While the present invention has been described and illustrated by reference to particular embodiments, those of ordinary skill in the art will appreciate that the invention lends itself to variations not necessarily illustrated herein. For this reason, then, reference should be made solely to the appended claims for purposes of determining the true scope of the present invention.

Claims (6)

What is claimed is:
1. A process for hydrotreating a first aromatics- and sulfur-containing hydrocarbon feed boiling in the diesel fuel range using a fresh supported CoMo catalyst, the process comprising:
treating a fresh, sulfided CoMo hydrotreating catalyst having a support of amorphous alumina, silica or alumina-silica, under first hydrotreating conditions including a temperature of about 300° C. to about 350° C., a pressure of about 1.5 MPaq to about 3.5 MPaq, and an LHSV of about 0.3 hr−1 to about 1.0 hr−1 with a second hydrocarbon feed having a lower aromatics content than said first feed, the second hydrocarbon feed having an aromatics content of less than 20 wt % to reduce the activity of the catalyst by at least 5% and, following the treatment with the second hydrocarbon feed,
hydrotreating the first feed using the treated catalyst under hydrotreating conditions including a temperature of about 300° C. to about 380° C., a pressure of about 1.5 MPag to about 3.5 MPaq, and an LHSV of about 0.2 hr−1 to about 0.8 hrto reduce the sulfur content of said first feed to 15 wppm or less.

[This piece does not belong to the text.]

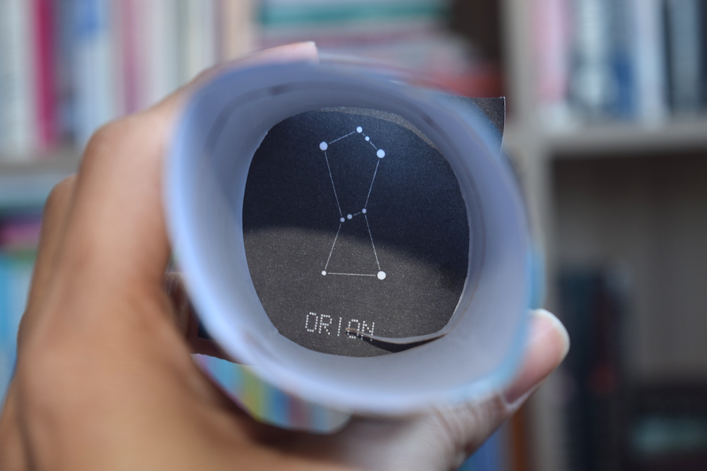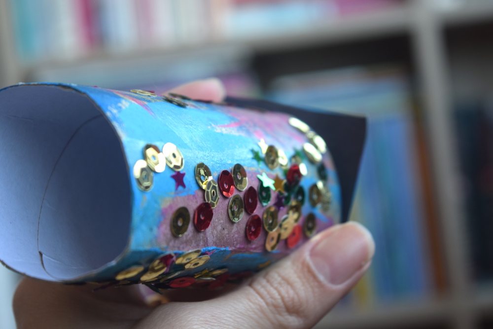 Isabela está louca por um telescópio, sério, então resolvi criarmos um telescópio de brinquedo. Ela pintou um rolo de papel higiênico e depois colou lantejoulas nele. E para ver as estrelas eu imprimi um kit com constelações daqui é do site web.kidsactivitiesblog.com. Ela adorou!

2. The process of claim 1, wherein said treating with the second hydrocarbon feed is conducted from 3 days to 10 days.
3. The process of claim 1, wherein said first and second hydrotreating conditions are substantially the same.
4. The process of claim 1, wherein the first feed has an aromatics content of at least 20 wt %.
5. The process of claim 1, wherein the second feed is produced by adding aliphatic hydrocarbons to the first feed.
6. The process of claim 5, further comprising adding said aliphatic Hydrocarbons to the first feed so as to reduce an aromatics content thereof by at least 50%.